You can buy 200 TH/s for life for about $75,000, and with this power you'd make an estimated $180,000 in a year (before fees).
I know turning that kind of profit can't be that easy
So what's the catch with this?
Thanks!
Difficulty. That's the catch. Your 200 Th/s might be good for today, but as more people begin mining and Bitcoin miners become more powerful, the difficulty in solving blocks will go up. That means your 200 TH/s will not produce the same amount of Bitcoin as it did when you paid for it. Diminishing returns over time is the fate every Bitcoin miner faces.
You calculated 180k per year, but that assumes the difficulty stays the same as it is today. That will not happen. In general the difficulty will only go up. There may be times when it drops briefly but those periods are never sustained for very long. Difficulty adjustments BTW occur every 2 weeks.
Here is a chart that shows difficulty increase over the last 9 months. As you can see, the difficulty is almost double what it was a year ago.

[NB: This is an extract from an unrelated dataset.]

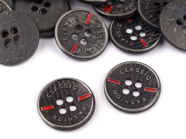 Knoflíky jsou vyrobené z nemagnetického kovu. Zdobí je nápisy "classic" a "fashion". Jsou čtyřdírkové. Knoflíky můžete našít na košile, mikiny, bundy apod. [Knoflíky jsou baleny v sáčku.] Velikost knoflíků naleznete v této tabulce.
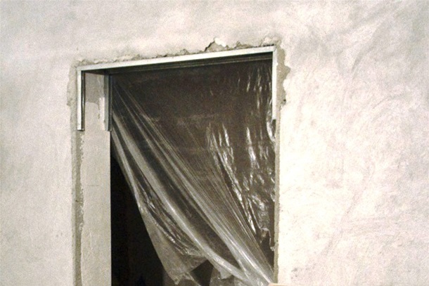 была дверь, снимаем косяк. Уровнем отмечаем вертикальные и горизонтальные

So the difference between buying hash power and buying physical miners, is that you will be able to resell your physical miners when the difficulty goes up. Buying hash power is fine but your betting on that level of hash power staying relevant forever (which it won't). If you have a physical miner, you can sell it and recoup some of the costs. That can then be put into buying a new more powerful miner. You don't have that option when you only buy hash power. Your only option is to buy more hash straight out of pocket. Reselling a physical miner essentially gives you a discount when you buy a new and improved one. But then again you also don't have to worry about things like electricity or finding a place to run your miners when you only buy hash power.